Same perswazje rzecz oczywista tu nie pomogą. Ale jakieś ważkie słowo paść musi. Nie do pomyślenia jest przedłużanie obecnej sytuacji, w której Niemcy hitlerowscy w Polsce (jak zresztą w Czechosłowacji czy Kłajpedzie) uważają się za chwilowo przynależnych, z nadzieją powrotu do Rzeszy. Sytuacja jest pełna knowań hitlerowskich – po naszej stronie, a po drugiej słodkie deklaracje, puste frazesy – a potem systematyczne, planowe, robione z premedytacją, na zimno, prześladowania, zaognianie atmosfery, „niedotrzymywanie zobowiązań i terminów”.

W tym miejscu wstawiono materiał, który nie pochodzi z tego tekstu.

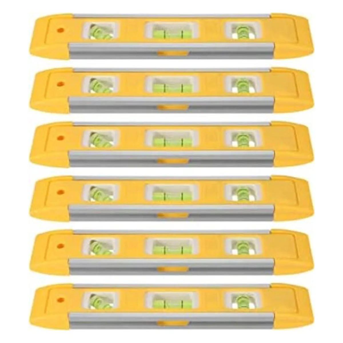 SEHOI Paquete de 6 niveles de torpedo magnético de 9 pulgadas con burbujas de 45, 90, 180 grados, carcasa de plástico resistente a los golpes, nivel de torpedo, herramienta de medición de nivel de alcohol amarillo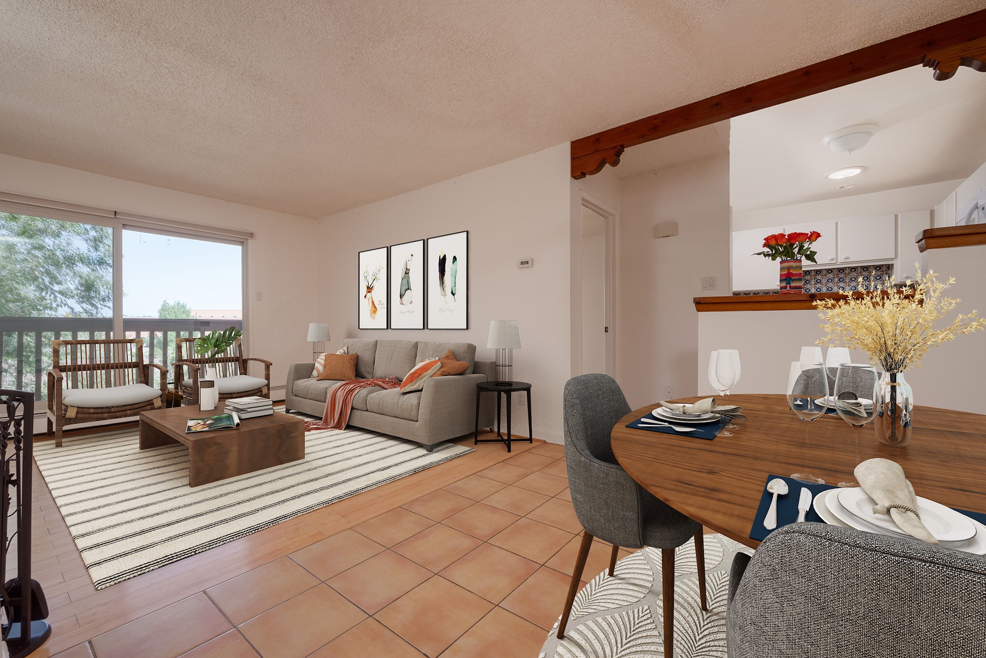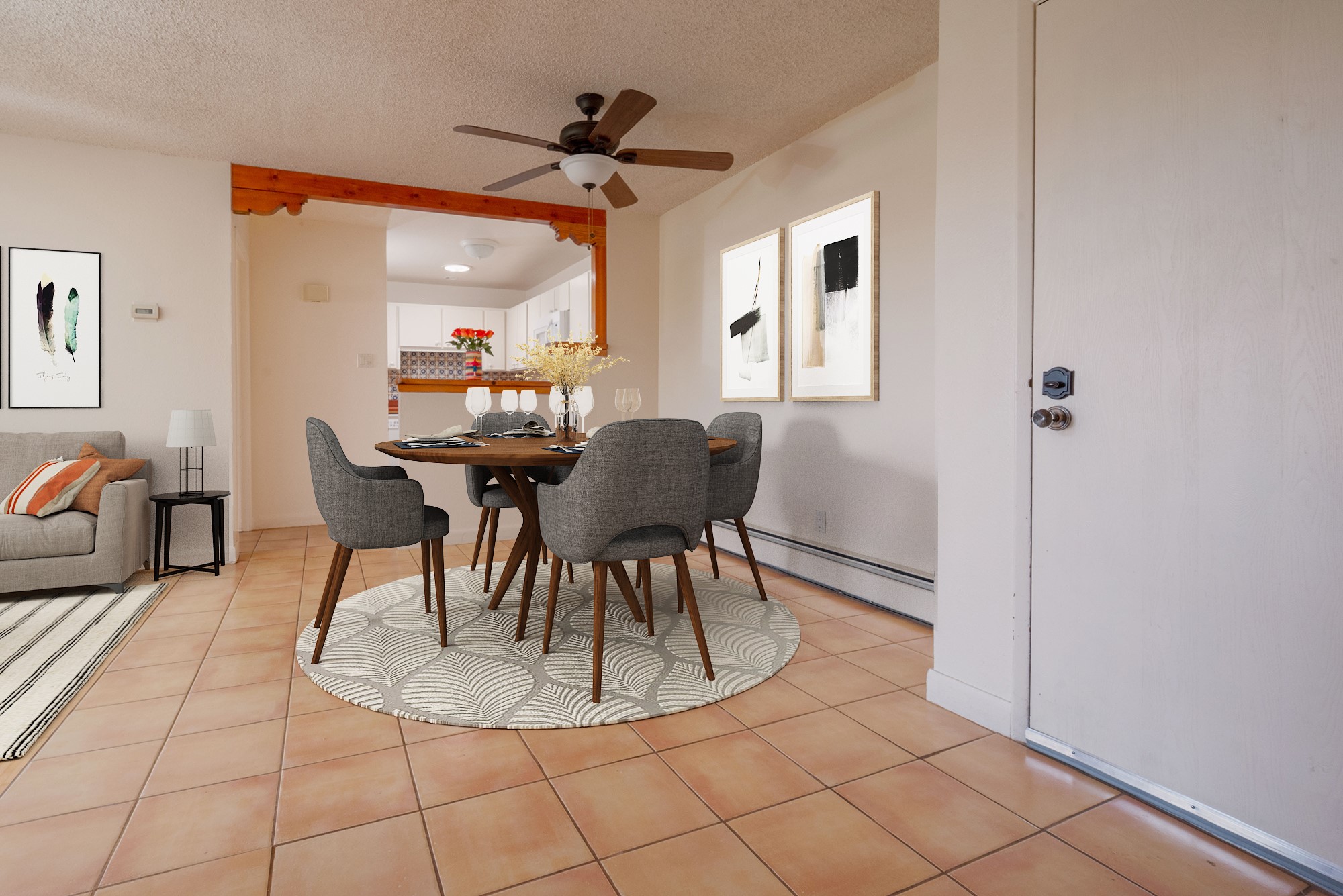 Where else can you find two bedrooms with access to a pool, sauna, and gym at this affordable price on the East side of St. Francis? Coming home begins at the beautiful garden path from the parking lot to the breezeway. This cute unit is a second-floor walk-up with a tree-shaded deck overlooking the arroyo and a cozy fireplace for winter vibes. Los Arroyos is a wonderful community with beautiful grounds surrounded by million-dollar homes. Amenities include hot water baseboard heat, water, indoor pool, sauna, gym, lawn, BBQ area, tennis court, basketball hoops, walking trails and community room and more included in a reasonable condo association fee. This is also a rare complex that doesn't limit your number of small pets to two - a big win if your fur family is larger. If you've given up finding a sweet, affordable place in Santa Fe, come see this lovely home and community and put yourself at ease.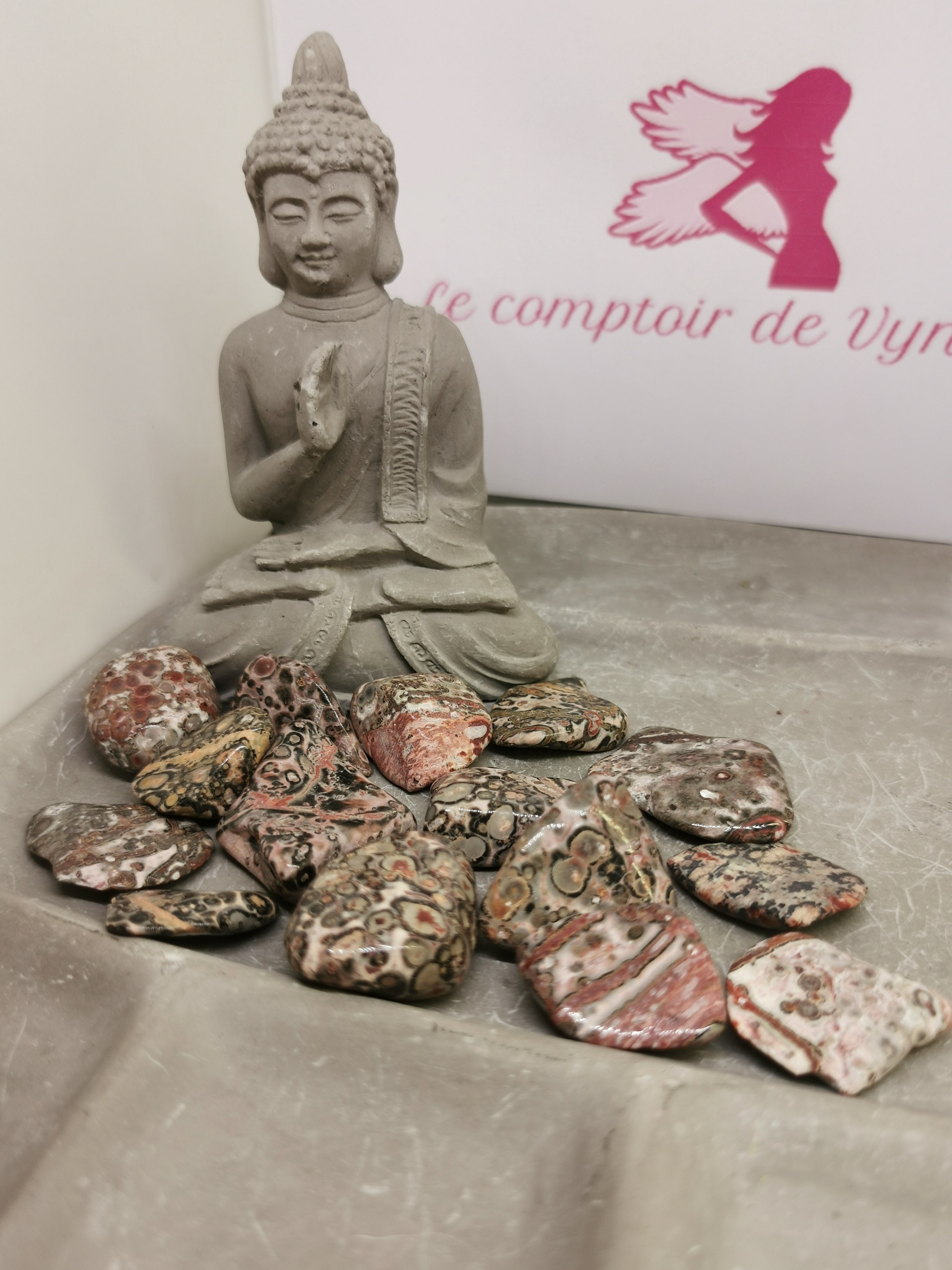 Chaque pierre naturelle jaspe léopard est unique, avec ses motifs distinctifs, ce qui en fait une pierre énergétique à la fois esthétique et profondément symbolique.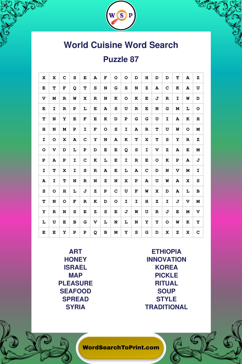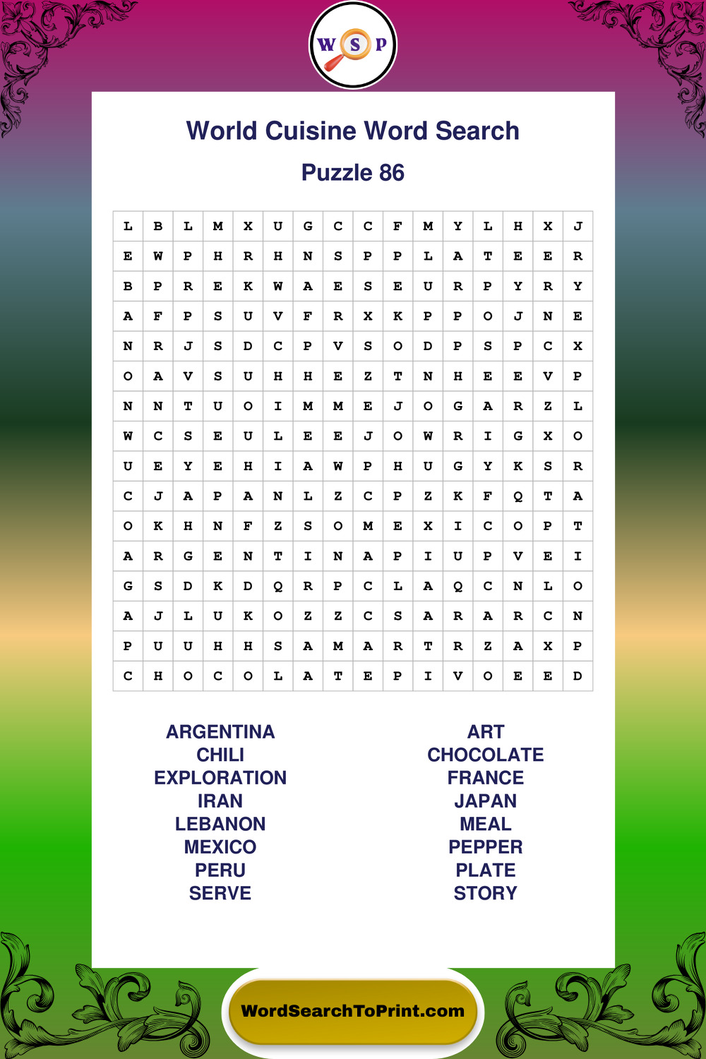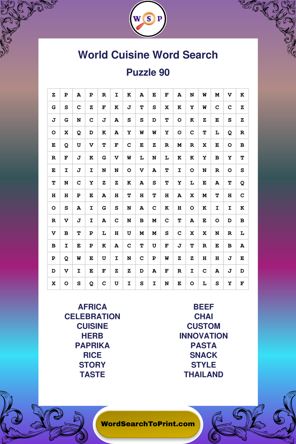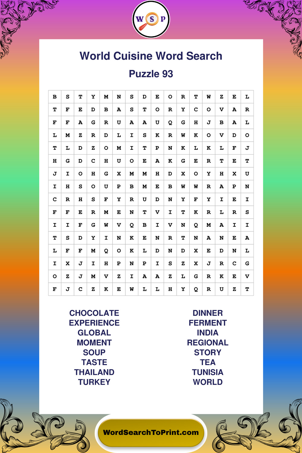 Printable World Cuisine Wordsearch Puzzles

W omawianej sytuacji widzimy grę misterną może, ale przejrzystą, grę, która dla Polski może być w swych konsekwencjach bardzo niebezpieczna.
Stanisław Dubois
Powyższy tekst Stanisława Dubois pierwotnie ukazał się w PPS-owskim dzienniku „Robotnik” 8 VII 1938, nr 187. Przedruk za Stanisław Dubois – „Artykuły i przemówienia”, Książka i Wiedza, Warszawa 1968.